Items from a dataset:
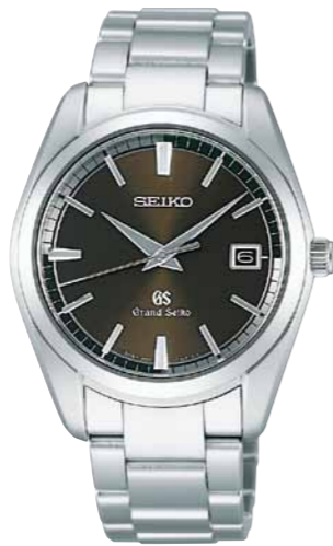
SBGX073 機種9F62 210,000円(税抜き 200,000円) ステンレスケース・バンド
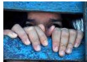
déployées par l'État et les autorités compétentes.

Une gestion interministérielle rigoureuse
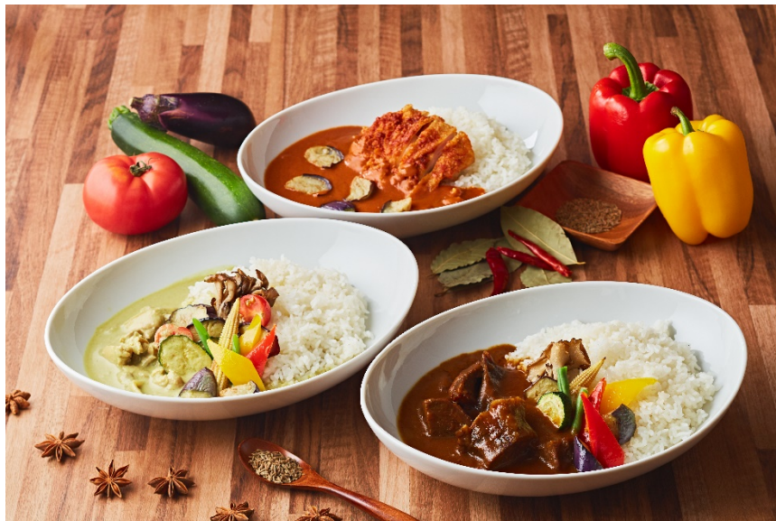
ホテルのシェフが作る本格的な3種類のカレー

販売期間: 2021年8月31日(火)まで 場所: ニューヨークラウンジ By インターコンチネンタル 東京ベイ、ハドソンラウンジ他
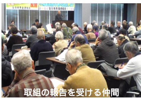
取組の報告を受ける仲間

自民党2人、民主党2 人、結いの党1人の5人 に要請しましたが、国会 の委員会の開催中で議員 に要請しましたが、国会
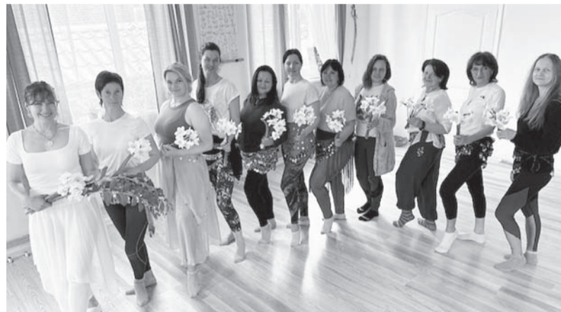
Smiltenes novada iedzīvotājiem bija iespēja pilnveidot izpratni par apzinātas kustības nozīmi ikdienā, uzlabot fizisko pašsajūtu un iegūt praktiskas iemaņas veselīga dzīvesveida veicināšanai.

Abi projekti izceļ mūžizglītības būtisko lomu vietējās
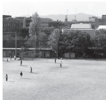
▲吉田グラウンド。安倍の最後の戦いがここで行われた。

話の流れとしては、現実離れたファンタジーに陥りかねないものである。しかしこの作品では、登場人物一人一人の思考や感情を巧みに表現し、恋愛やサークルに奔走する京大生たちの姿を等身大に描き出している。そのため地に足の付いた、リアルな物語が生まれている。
---
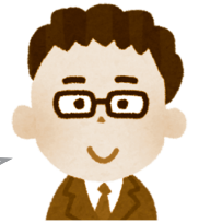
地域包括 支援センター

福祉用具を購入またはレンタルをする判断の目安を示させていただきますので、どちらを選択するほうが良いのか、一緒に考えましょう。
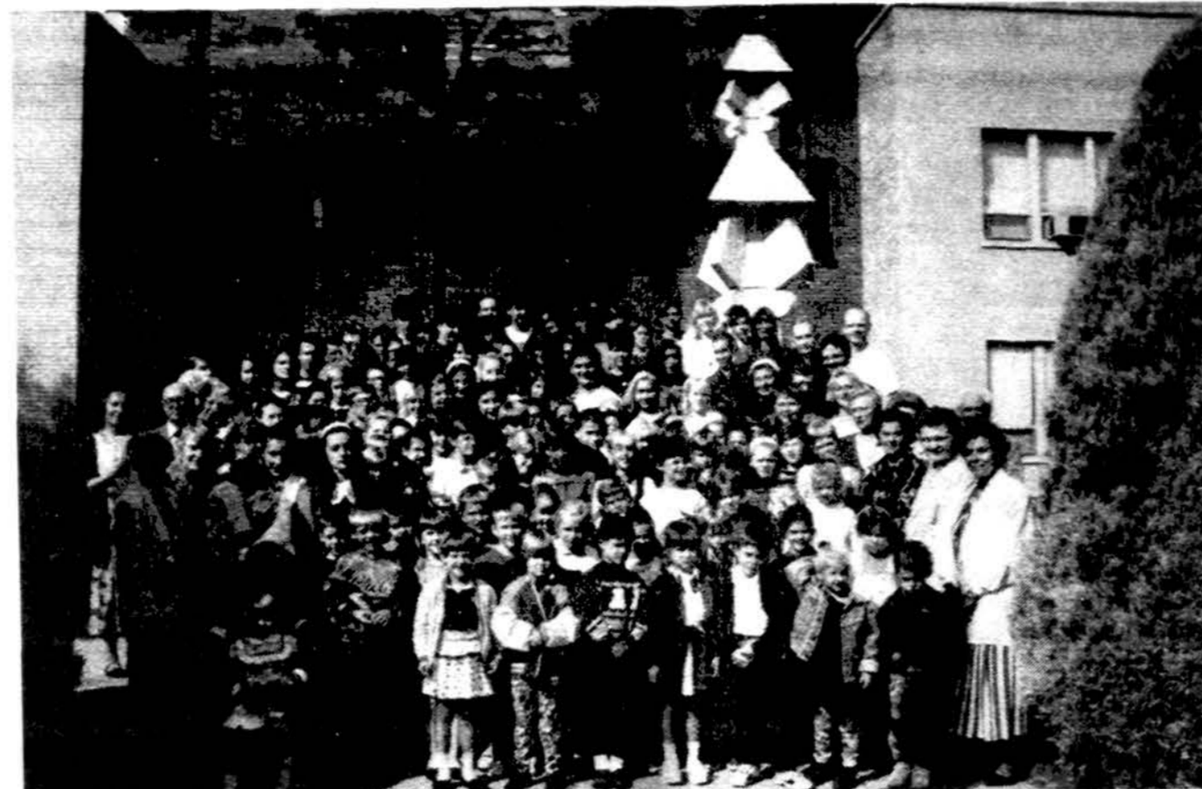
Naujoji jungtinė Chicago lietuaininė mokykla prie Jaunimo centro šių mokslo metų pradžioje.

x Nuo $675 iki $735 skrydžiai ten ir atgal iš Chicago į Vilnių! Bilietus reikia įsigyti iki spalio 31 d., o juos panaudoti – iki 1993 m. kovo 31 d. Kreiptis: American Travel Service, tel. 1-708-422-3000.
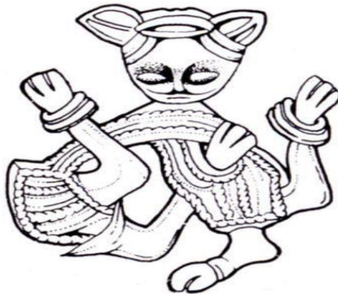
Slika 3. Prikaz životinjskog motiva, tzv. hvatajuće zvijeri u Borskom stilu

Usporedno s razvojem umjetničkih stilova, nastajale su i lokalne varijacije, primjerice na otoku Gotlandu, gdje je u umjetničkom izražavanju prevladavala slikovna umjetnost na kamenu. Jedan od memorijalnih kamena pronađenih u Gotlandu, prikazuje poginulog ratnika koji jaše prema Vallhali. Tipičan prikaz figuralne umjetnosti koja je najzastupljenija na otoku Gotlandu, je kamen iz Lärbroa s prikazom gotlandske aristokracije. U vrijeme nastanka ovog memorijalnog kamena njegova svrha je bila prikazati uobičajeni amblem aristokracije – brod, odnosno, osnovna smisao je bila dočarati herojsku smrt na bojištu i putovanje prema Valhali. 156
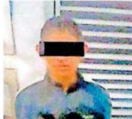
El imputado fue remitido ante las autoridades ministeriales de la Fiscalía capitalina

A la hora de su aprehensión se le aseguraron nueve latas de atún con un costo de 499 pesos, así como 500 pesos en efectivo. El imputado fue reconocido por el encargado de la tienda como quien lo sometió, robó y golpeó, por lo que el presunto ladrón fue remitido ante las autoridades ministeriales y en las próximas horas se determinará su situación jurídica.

▶ [Task to complete] What is needed is an exact copy of the lines above, from the one holding "取組の報告を受ける仲間" down to the one holding "話の流れとしては、現実離れた", with those two included and the pictures left out.

▶ [Written answer]
取組の報告を受ける仲間

自民党2人、民主党2 人、結いの党1人の5人 に要請しましたが、国会 の委員会の開催中で議員 に要請しましたが、国会
Smiltenes novada iedzīvotājiem bija iespēja pilnveidot izpratni par apzinātas kustības nozīmi ikdienā, uzlabot fizisko pašsajūtu un iegūt praktiskas iemaņas veselīga dzīvesveida veicināšanai.

Abi projekti izceļ mūžizglītības būtisko lomu vietējās
▲吉田グラウンド。安倍の最後の戦いがここで行われた。

話の流れとしては、現実離れたファンタジーに陥りかねないものである。しかしこの作品では、登場人物一人一人の思考や感情を巧みに表現し、恋愛やサークルに奔走する京大生たちの姿を等身大に描き出している。そのため地に足の付いた、リアルな物語が生まれている。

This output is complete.